Digital banking popularity in U.S. grows amid pandemic, but digital ID is a barrier
Digital banking has surged in popularity during the pandemic, especially as some users of digital banks reportedly have been among the first to receive U.S. government stimulus checks deposited into their digital accounts, but experts and government and commercial financial institution officials caution that the accompanying identify verification and authentication has not fully been built out.
The central issue is the “digital onboarding” process of digitally authenticating an individual, and many brick and mortar banks lack either these capabilities or strategies when dealing with individuals who are not physically present, explained Kaitlin Asrow, the Federal Reserve Bank of San Francisco’s Fintech Policy Advisor, responsible for research and monitoring in the areas of data aggregation, data privacy, artificial intelligence, and financial investment and saving platforms, at the recent KNOW Identity Digital forum session, Accelerating Remote Customer Onboarding with Open Banking.
“Biometrics might be a great tool, but are usually only available if you’re working on more advanced phones,” Asrow said, according to FedScoop. “These systems need to be ubiquitous. They need to be available to all of our citizens.”
Prior to joining the Federal Reserve System, Asrow worked as a research manager for the Financial Health Network and specialized in financial data use and aggregation. She has published numerous papers on data portability, including a recent evaluation of the impacts and ambiguities of the California Consumer Privacy Act.

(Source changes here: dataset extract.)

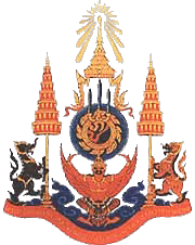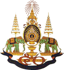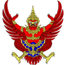 Željko Heimer, 30 Mar 2003"This is not the coat of arms of Thailand. The real Thai Coat of Arms (Tra Khrut) should have sharp wing tips – the wingtips of this image are blunt. The real Khrut should have 7 external wing-tips per side – there are 9 wingtips in this image. The real Khrut should be wearing wearing what looks like a high belt which connects to its necklace – the one in this image is only wearing a necklace. The fingertips of the real Khrut should be pointed directly at the apex of its Monthien (hat) at 45 and 225 degree angles – the one in this image has fingers that are horizontal. The tail design is distinctly different."
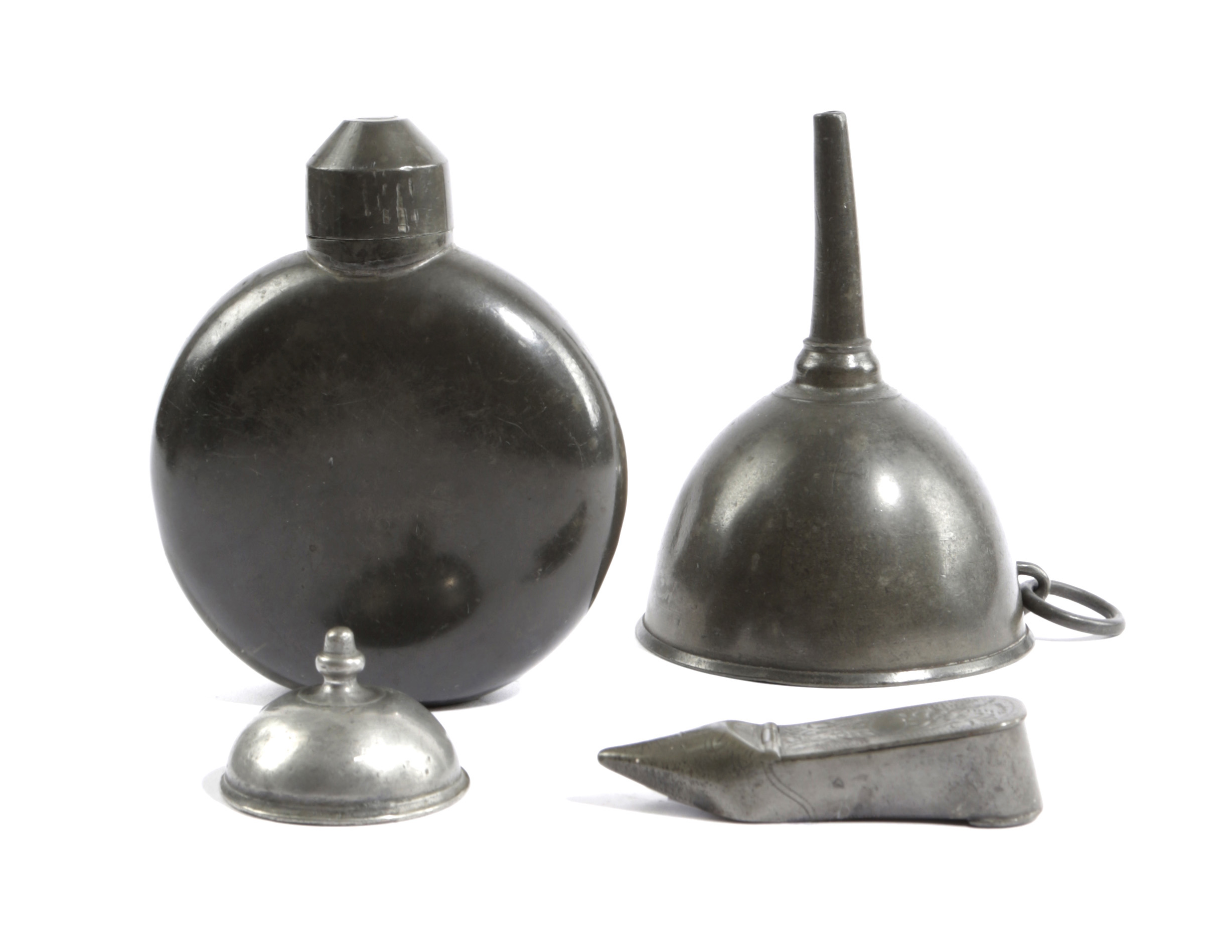 unmarked, with working screw-off cap, the circular body with flattened base, allowing it to stand upright while being filled, both faces slightly convex, together with a funnel with hanging ring, a shoe snuffbox by Richard Webster, Birmingham (fl.c.1845-65) and a slip-on pewter lid for an 18th century English spice pot (4)

The session focused on “remote customer onboarding [being] the new reality for enterprises across sectors as consumers worldwide cope with going about their lives under new social distancing guidelines,” and “the possibilities offered by open banking APIs for leveraging existing identity infrastructure to solve these pressing challenges.”
Asrow said until an individual is authenticated, financial institutions cannot obtain the person’s consent to either open an account or to transfer personal data for that individual.
“We need to actually develop these networks, come to a consensus on the different pieces of information that we want to use to build identities,” Asrow said, emphasizing that the traditional methods of requiring a person’s driver’s license or some similar form of identification do not suffice in the age of digital transfers of information, and new digital methodologies and processes are required to do so for things like digital transactions and disbursements.
Other participants at the KNOW Identity Digital Forum agreed that the U.S. government’s response to the COVID-19 pandemic’s economic shutdown and sheltering in place, which prevents face-to-face transactions with financial institutions, and the provision of relief to Americans in the form of direct deposit stimulus checks and other forms of financial support, could likely cause both the government and the financial sector to reexamine the digital identity landscape, as those who prefer traditional channels are forced to abandon them while social distancing.
The Federal Reserve Bank of San Francisco has said “financial technology continues to change the dynamics of banking and how financial products and services are delivered to consumers. At the SF Fed, we’re analyzing fintech innovations and their impacts on financial institution supervision, community development, financial stability, payments, and other areas. Our goal is simple: to help facilitate responsible innovations while protecting consumers and ensuring the safety and soundness of banks.”
The Federal Reserve Bank of San Francisco’s fintech analysts have been working to “answer questions from fintech companies and banks to build an understanding of the financial regulatory environment so innovative ideas thrive,” the bank has said.
“You need to strike the right balance of benefits vs. the risk of something going wrong and the cost of giving up your data,” Asrow told Consumer Reports last year.
She told fintech industry website bobsguide a year ago that the impact of the California Consumer Privacy Act upon the entire fintech ecology was significant.
“For early stage fintechs without significant data infrastructure – i.e., in mapping what they’re collecting and being able to connect to consumers to comply with requests – they could still be building that out, or building their legal team. That could be challenging, especially if they want to get ahead of the curve, but then the law is tailored to focus on high risk cases so smaller firms will need to think really creatively about how they’re going to get up to speed like the larger incumbents who are prepared and how have been looking at GDPR already.”
Many fintech “companies all claim to offer personalized services, but that’s not what you’ll see in the fine print,” Christina Tetreault, senior policy counsel at Consumer Reports, added, saying, “There’s a big disconnect.”
Consumer Reports reported the results of an evaluation of popular fintech apps in a letter to the Consumer Financial Protection Bureau (CFPB).
“We’ve laid a lot of the pipes that I think will [allow digital verification data to be shared interoperably],” Financial Data Exchange Managing Director Don Cardinal said at the KNOW summit, but, “We just need to get everyone else wired up to the grid, if you will.”
“We’ll have data that will be verifiable from banks; we ultimately will have data verifiable from governments,” said Joni Brennan, president of the Digital ID & Authentication Council of Canada, which is already working to develop a Canadian-based structure for digital identity verification and authentication.
“Who can get there first, I think that’s a big question, and I do think financial institutions are positioned today to move more readily,” she said at the KNOW conference.